The Sierra Madre Mountains of Northern Mexico are vast, rugged and beautiful. Ironically, that same beauty belies the underlying suffering of the region's inhabitants.

90,000 Tarahumara, 20,000 Tepejuan, 5,000 Pima and 5,000 Guarajillo Indians occupy the valleys and plateaus of an area comprising the largest canyon system in the Western Hemisphere.

The people of this region are subsistence farmers plagued with drought, poor soils and inadequate agricultural techniques. Their economic opportunities are few. Their greatest natural resource, the vast forests of the Sierra Madre, is being systematically overtimbered with little of the profits returning to the traditional inhabitants of the region.

The Sierra Madre is the largest drug growing region in North America. Marijuana, cocaine and opium are grown in the hidden reaches of the formidable canyon system.
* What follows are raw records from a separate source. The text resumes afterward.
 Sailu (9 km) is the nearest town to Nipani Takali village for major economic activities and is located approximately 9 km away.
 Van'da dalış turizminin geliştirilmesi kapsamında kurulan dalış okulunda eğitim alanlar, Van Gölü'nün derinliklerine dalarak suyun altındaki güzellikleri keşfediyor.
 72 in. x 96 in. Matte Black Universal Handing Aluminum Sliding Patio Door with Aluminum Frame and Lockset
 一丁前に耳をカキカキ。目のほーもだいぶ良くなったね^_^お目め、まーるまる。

Lack of other economic opportunities drives many of the Indians into the illegal drug trade.

Health problems are rampant. The region’s maternal and infant mortality rates are the highest in Mexico and the fifth highest in the world. An Indian mother can expect to lose as many as half of her children to infectious diseases and malnutrition. Congenital deformities such as cleft palate and clubfoot routinely go untreated. Adults are plagued by tuberculosis, alcoholism, and trauma.
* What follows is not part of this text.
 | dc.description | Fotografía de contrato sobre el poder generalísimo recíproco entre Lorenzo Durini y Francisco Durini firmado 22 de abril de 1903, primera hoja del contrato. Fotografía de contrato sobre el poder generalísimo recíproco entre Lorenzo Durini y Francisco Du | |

Time has shown the world's Christian community that there is a special place in God’s heart for “people groups”; that is, individual ethnic groups defined by their language and culture. There are over 7,000 people groups in the world—each precious in God’s sight—many of which have never heard the name of Jesus Christ.
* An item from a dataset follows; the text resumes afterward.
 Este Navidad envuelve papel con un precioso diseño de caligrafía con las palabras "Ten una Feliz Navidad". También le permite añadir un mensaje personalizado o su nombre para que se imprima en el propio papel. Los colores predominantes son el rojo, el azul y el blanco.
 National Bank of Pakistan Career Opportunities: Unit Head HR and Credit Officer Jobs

Mexico Medical Missions focuses primarily on the Tarahumara Indians of northern Mexico. While the Tarahumara do believe in a creator god, their god depends on human efforts and ceremonies to sustain him. They believe that this god chose them as his special people but that this “honor” also means that they are relegated to a life of poverty and suffering. They fear lesser spirits that can attack their health and welfare. The Tarahumara even fear the rainbow, which they believe steals their children.

Not surprisingly, the Tarahumaras have adopted a fatalistic mindset. Accordingly, in order to improve their health and economic circumstances, Mexico Medical Missions must deal with the spiritual condition which keeps them in bondage. We tell them of a Creator God who is not distant and cruel, but rather who loves them and cares for the smallest details of their lives. We teach them that this God is more powerful than the spirits that afflict them and that they truly can become the chosen people of a loving God—if only they will believe in His Son, Jesus Christ.

The Copper Canyon Region of the Sierra Madre
The land of the Tarahumaras is a vast region of canyons known collectively as Copper Canyon (though the actual Copper Canyon, itself, or Barranca del Cobre, is a specific canyon along one part of the Urique River). The Copper Canyon region includes more than 20 huge defiles, 5 which are longer and deeper than the United States' Grand Canyon. While the Sierra Madre's canyons are equal in beauty to the Grand Canyon, they are very different in nature. Grand Canyon is desert-like while Copper Canyon is subtropical and mostly wooded, appearing a verdant green during the rainy season (June to October). The rims of the canyons are around 7,640' in elevation, with warm, rainy summers and cool, dry winters. The canyon bottoms average about 1,600' elevation, with hot, rainy summers and warm, dry winters.

The main canyons of the Copper Canyon region are:

  • Copper Canyon and Urique Canyon, with Cusarare and Tararecua Canyons as branches.
  • Batopilas Canyon
  • Huapoca Canyon
  • Oteros Canyon, with Chinipas and Septentrion Canyons as branches.